Shortly after U.S. involvement in World War I ended, American serviceman Daniel Mack died in his uniform. He wasn't killed on the battlefields of Europe, but like many other black Americans Daniel Mack was a casualty of World War I. Having fought in France to make the world safe for democracy, Mack returned to Sylvester, Georgia, determined to enjoy the benefits of freedom. Vowing to never yield to Jim Crow again, Mack ignored "white only" signs, earning himself thirty days in jail—thirty days he never served because a white mob dragged him from jail to the outskirts of town and beat him to death. Mack's story is more than a personal tragedy; it signifies the changes, hopes, and disillusionment that World War I brought to African Americans.

military service

For many African Americans in 1917, participation in World War I seemed to promise a better future. Living in a world characterized by racial discrimination and segregation, they believed that African Americans might earn full citizenship by closing ranks with whites during the war. Thousands volunteered for military service and two million registered for the draft. In the end, almost 400,000 African Americans mustered into the U.S. military, which was still a segregated institution. Most of them served in either army service units or as navy stewards, but two army divisions, the 92nd and the 93rd Provisional, enrolled 42,000 blacks as combat soldiers in segregated units. Some of these units performed poorly overseas, perhaps because of inferior training or leadership or simply because of the nature of a segregated army, but a number of African Americans served with such distinction that they received individual honors. France awarded hundreds of its coveted medal, the croix de guerre, to African-American soldiers who had shown exceptional courage and fortitude. In 1917, the United States opened an officer training school for African Americans in Fort Des Moines, Iowa. With a history of military honors, 750 battle deaths, and 5,000 wounded to their credit, returning African-American soldiers hoped that legal, if not social and economic, equality might now be a real possibility back home. Some, like Daniel Mack, resolved to turn these hopes into realities.

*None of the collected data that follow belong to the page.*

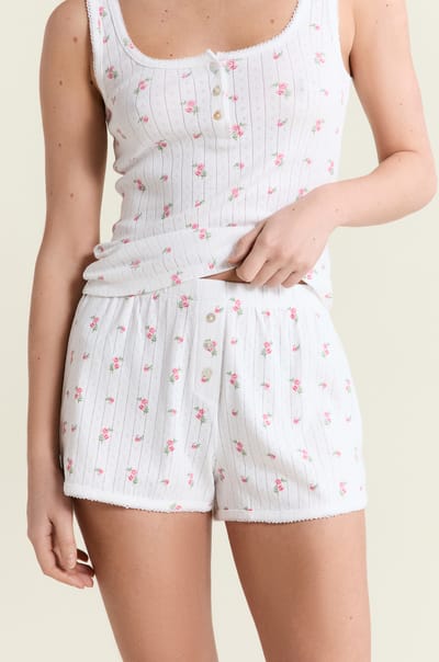 Cotton Pointelle Pyjama Shorts;${refinementColor}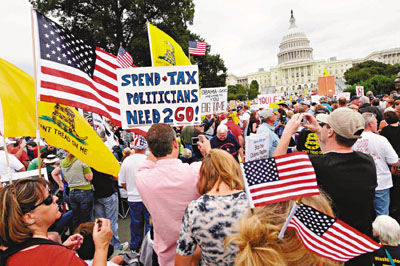 示威者逼爆宾夕法尼亚大道,连绵数个街区,齐向国会山庄浩浩荡荡前进。他们高举奥巴马和美国众议院议长佩洛西的肖像,以及写满“不要更多的开支,不要更多的税收,不要更多的谎言”、“支持奥巴马的医疗改革方案等于自杀”等各种各样的标语。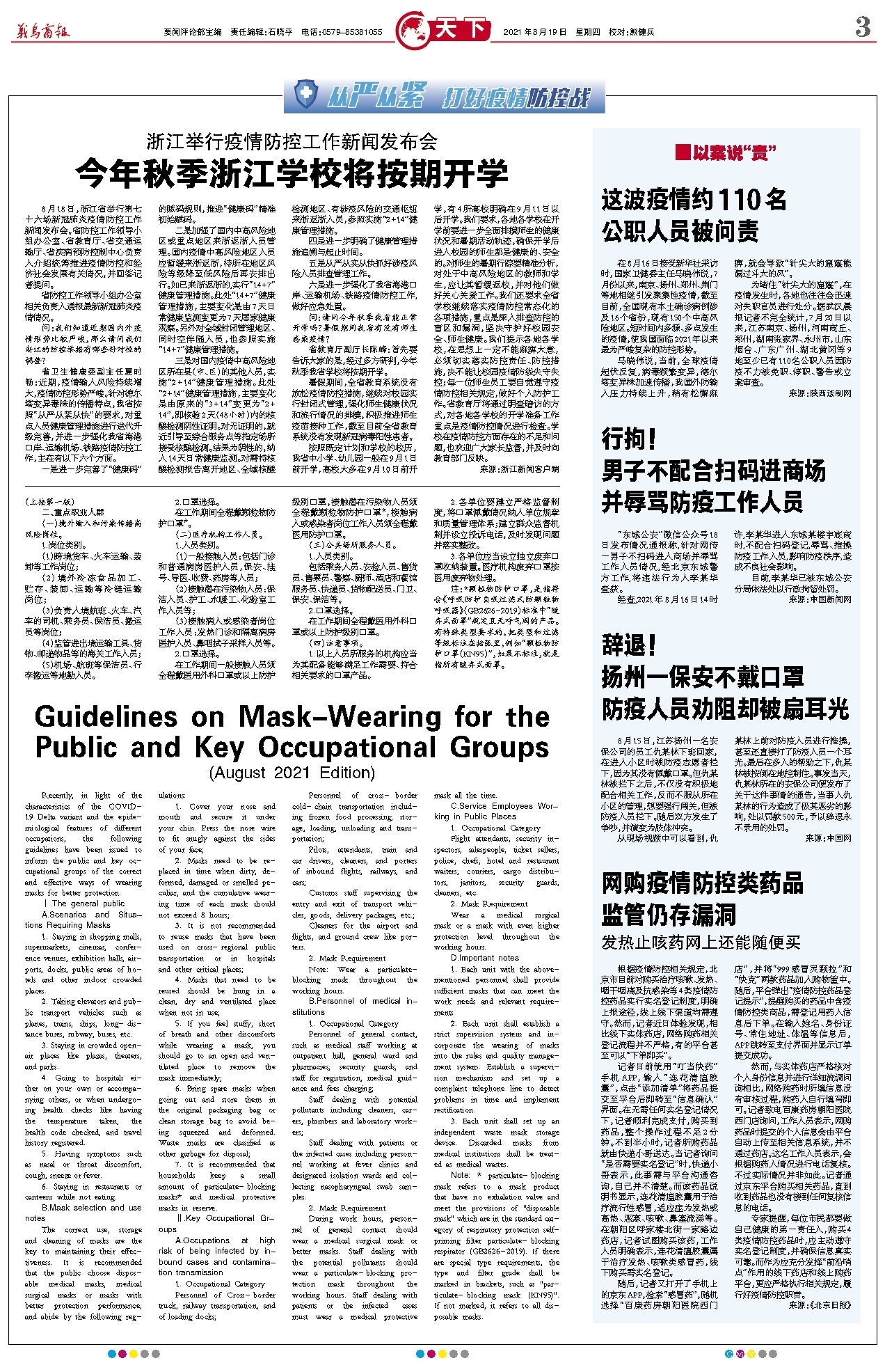 Guidelines on Mask-Wearing for the Public and Key Occupational Groups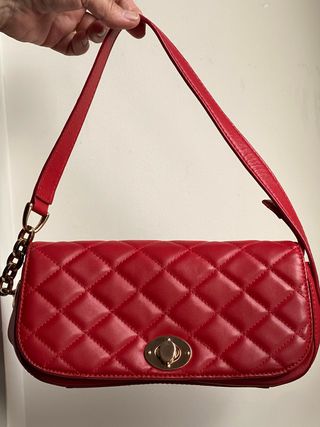 Bolso de piel rojo con detalles dorados

the homefront and african-american migration

On the homefront, equality remained elusive, but the war did open some new opportunities to African Americans. The immigration restrictions enforced throughout the war and the absorption of white laborers into the military had left Northern industries desperate for a new supply of workers. Once locked out of Northern labor markets, African Americans now found themselves courted by Northern factory managers. Recruiters offered Southern blacks free transportation and high wages to relocate to Northern industrial areas such as Chicago, Cleveland, Saint Louis, and Detroit. Lured by these promises, tens of thousands of African Americans pulled up stakes and poured into the North. Despite Southern efforts to protect their labor pool by means of both conciliation and intimidation, more than 300,000 African Americans had left the South by 1920 and thousands more followed later.

Black migrants did not find everything to their liking in the North, but they did benefit from the move. Economically, the exodus proved a move upward; African Americans made more money in factories than they had ever made on Southern farms, and this foothold in American industry created a path to future financial success. Simple relocation also moved many African Americans from the ranks of the disenfranchised to the voting booth. At a time when Jim Crow legislation in the South prevented African Americans from voting, most Northern cities allowed citizens of any color to vote, and migrating African Americans suddenly found themselves part of the country's political scene. Wartime migration, however, had negative consequences as well as benefits.

postwar legacy

As African Americans moved North, and as black soldiers returned from the war, racial tensions and violence escalated. African Americans increasingly found themselves the targets of white mobs who felt blacks were competing for their neighborhoods, jobs, and recreational areas. In what came to be called the Red Summer of 1919 for the bloodshed and violence that took place between whites and blacks all over the country, more than thirty-eight northern cities erupted in riots. Frustrated whites in Chicago drowned an African-American youth by pelting him with rocks from the shore. This ignited a week of lawlessness during which 38 people died and another 520 suffered injuries. In Omaha, Saint Louis, and elsewhere the same scene played out, with the same tragic results.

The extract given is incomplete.